While the Ugandan government has not given details of why Ongwen is not being tried in Uganda, there were some problems in them doing so. Uganda still has an amnesty law in place, which enables any rebel to obtain immunity from prosecution if they so choose, effective until May 2015. Ongwen claimed on Monday that he had received an amnesty from the Ugandan government in a radio broadcast in the Central African Republic, but this was later refuted by the Ugandan government. Yet, despite being wanted for war crimes and crimes against humanity, he would be eligible for amnesty from prosecution in Uganda. The Ugandan government failed to pass a motion to exclude Ongwen and other LRA commanders from amnesty in 2010. Yet such an amnesty does not apply to crimes before the ICC.
Even if Ongwen was not eligible for the Ugandan amnesty, it is questionable if he could be guaranteed a fair trial. Uganda does have a specialised International Crimes Division to prosecute war crimes and crimes against humanity. However, there is an acute shortage of the sufficiently experienced defence lawyers to ensure defendants’ rights. Uganda’s drafted witness protection law has yet to be passed by the Ugandan Parliament.
What does a trial at the ICC hold in store?
A trial at the ICC for Ongwen is likely to be at least two years away.
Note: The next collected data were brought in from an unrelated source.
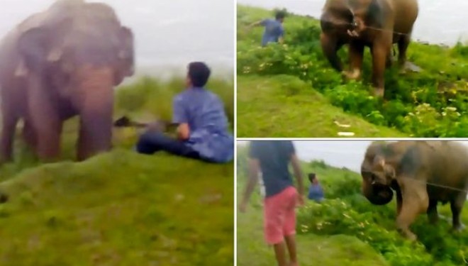 Një i dehur vendosi që të ngacmojë një elefant, por shpëtoi për fat, pasi elefanti e sulmoi.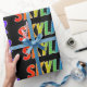 This fun, vibrant, multicolored wrapping paper design features the common first name "SKYLAR" having a colourful rainbow spectrum gradient like colouring pattern. The background is coloured black. Exciting wrapping paper like this might be fun to use when giving a present or gift to somebody named Skylar. [~Z0000354]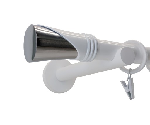 Podana cena dotyczy kompletnego karnisza pojedynczego w kolorze BIAŁYM o średnicy fi19mm i długości 140 cm z prostą końcówką VEGA.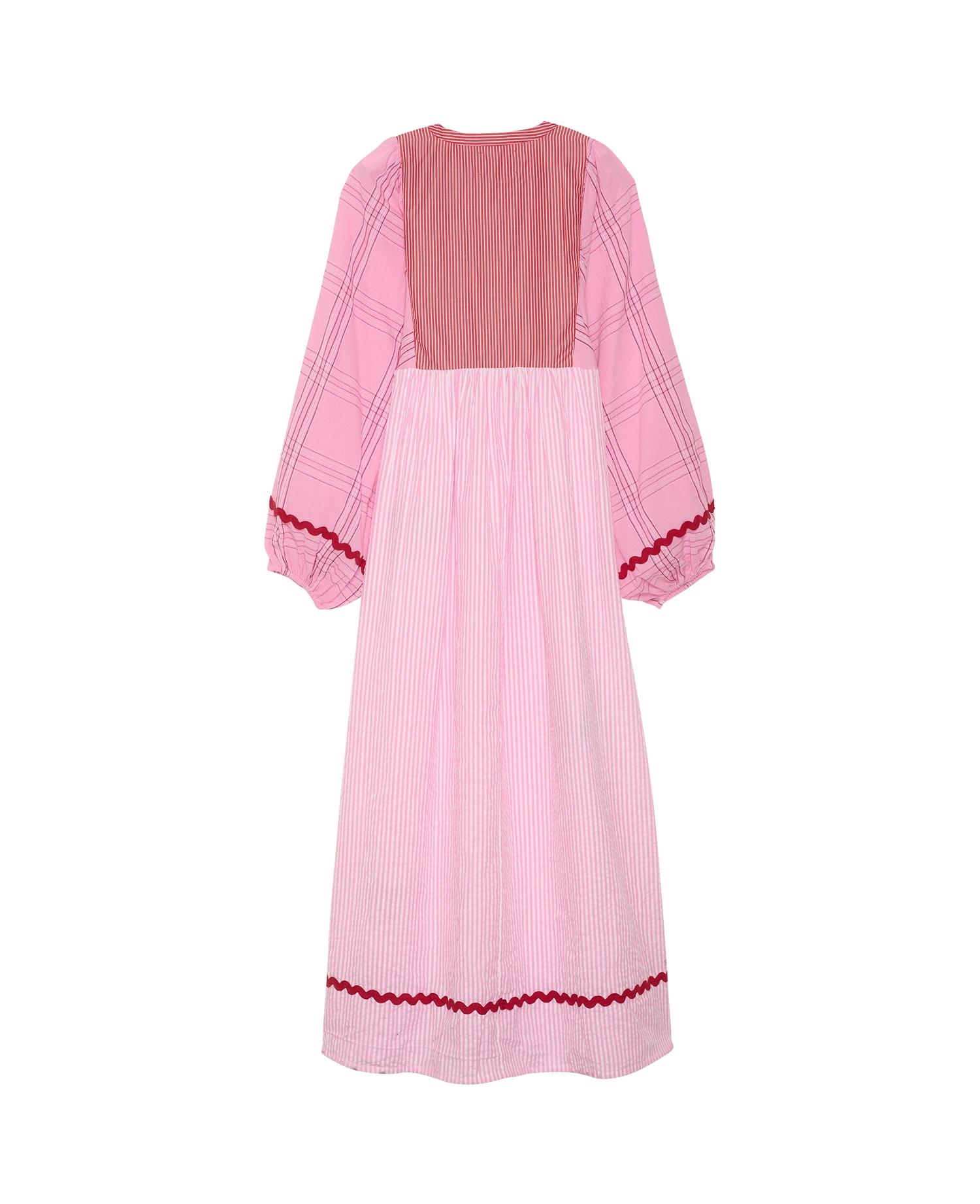 El vestido Gaia tiene un corte amplio y está confeccionado con una hermosa mezcla de algodón teñido con retales. Presenta un escote con frunces debajo del pecho que realzan la silueta femenina. Las mangas son anchas y abullonadas, con elástico en el interior de las aberturas. Tiene escote redondo con cuello fino y una abertura en la parte delantera, rematada con cordones. El vestido está adornado con encantadores motivos hechos con retales aplicados, algodón liso y delicados bordados, mientras que una llamativa cinta roja en zigzag añade un toque decorativo a las mangas.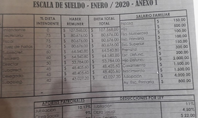 Además, expusieron la escala salarial vigente, en la que se puede apreciar la abrupta diferencia entre los suelos de la planta política del municipio y los empleados, que llegan a cobrar $19.000.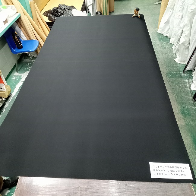 普通トラックの荷台幅に合わせて開発したトラック荷台マットが好評です。1.6M幅のゴムは珍しく、トラックの納品に合わせてディーラー様や中古車店様にご注文をいただくことも多いです。もちろん運送会社様や個人事業でトラックを扱っておられる方からのご注文も多い商品です。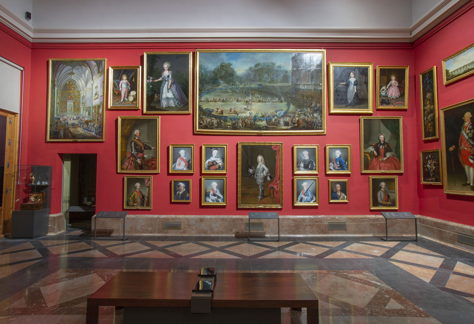 La familia de Carlos IV (1748-1819) estaba representada a través del gran cuadro de Francisco de Goya (expuesto actualmente en la sala 32) y de los retratos individuales de algunos de sus miembros, como los del propio monarca y su esposa María Luisa de Parma. También lo estaban algunos de sus hijos, hermanos de Fernando VII, entre ellos Carlota Joaquina de Borbón -la única obra que posee el Prado del pintor italiano Giuseppe Trono– y María Luisa de Borbón.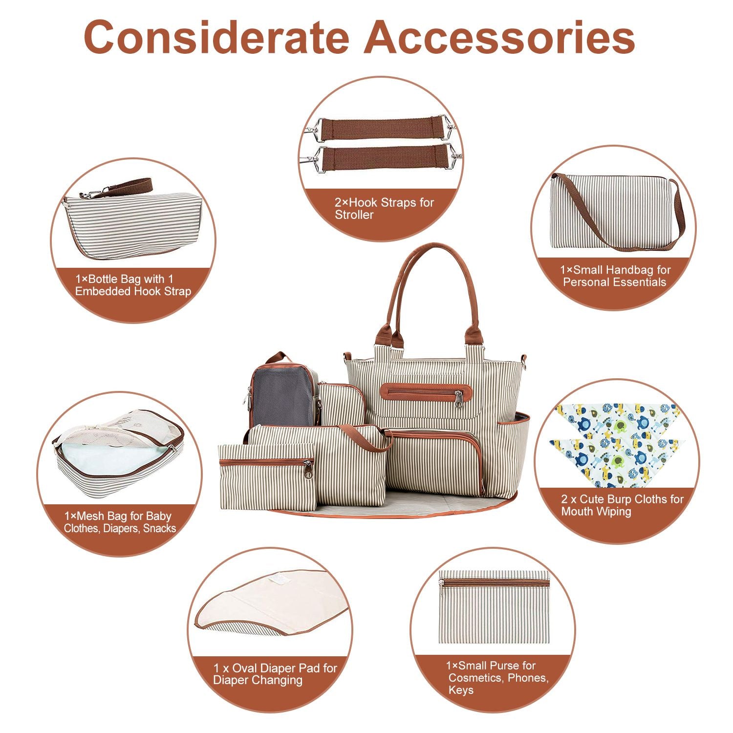 Considerate & Multiple Accessories: The included bottle bag, mesh bag, small handbag or purse is an easy storage for baby clothes, snacks, feeding bottles and personal necessities etc.. The oval Diaper Pad size is 25x15.4in, which is big enough for your baby lying. The 2Pcs burp cloths also provides help when baby burps.

Former Congolese warlord Bosco Ntaganda, who similarly surrendered to the US embassy in Rwanda in March 2013, is only going to trial at the ICC in June 2015. In the meantime, defence counsel will need to be arranged, a chamber established, and charges against Ongwen will need to be confirmed before heading to trial. Despite sovereignty arguments and the ICC [targeting] Africans made by President Museveni, the Uganda government is unlikely to be willing to challenge the ICC prosecuting Ongwen, due to the cost of an internationally scrutinised domestic trial.
The ICC may seek further charges against him for crimes committed since 2005 in the DRC and Central African Republic, including the notorious 2008 Christmas massacres in which the LRA killed more than 600 Congolese. Given the resource strain on the ICC Office of the prosecutor, they may only limit the charges to those in Uganda. Ongwen may argue that as a former child soldier, he was under duress to commit atrocities. However, as an adult commander at the time of the crimes he is indicted for in 2004, this defence is unlikely to work. Instead if he is convicted, Ongwen might seek to have his sentence reduced, due to his past victimisation.
While initial proceedings in Ongwen’s case will occur in the seat of the ICC in the Hague, the ICC can still hold the trial in Gulu, northern Ugandan under Article 62 of the Rome Statute. Holding the trial in northern Uganda would allow victims and the affected community to “see justice done” and participate more easily. Northern Uganda has been relatively peaceful since the LRA left the country in 2006, and should not pose any serious concerns for ICC proceedings. Undoubtedly, in the coming months, we will see the ICC carrying out outreach to affect communities in northern Uganda, investigators contacting witnesses, and greater visibility of the work of the Court’s Trust Fund for Victims.
Doing justice for victims
The prosecution of Ongwen will not bring justice to the hundreds of thousands of victims of the LRA conflict. The charges against Ongwen are limited to two very specific massacres in 2004 in northern Uganda. While victims will be able to participate at the ICC trial of Ongwen, and 41 are already registered, any reparations order by the court are likely to be at least five years away. The ICC Registry now faces processing thousands of applications, which have been already supplied to the court since 2005. Many of these victims may now be dead or have moved from Internally Displaced Peoples’ camps back to their villages, and so will be difficult to trace.
What must be remembered is that justice for the victims of the LRA conflict cannot be secured by criminal trials alone. There is need for a comprehensive approach, including accountability, truth and reparations for all victims of the conflict, not just for those few victims who can participate and receive reparations from the ICC. The trial of Dominic Ongwen at the ICC will hopefully draw desperately needed attention to the plight of the war victims, putting international pressure on the Ugandan government to implement its long awaited transitional justice policy.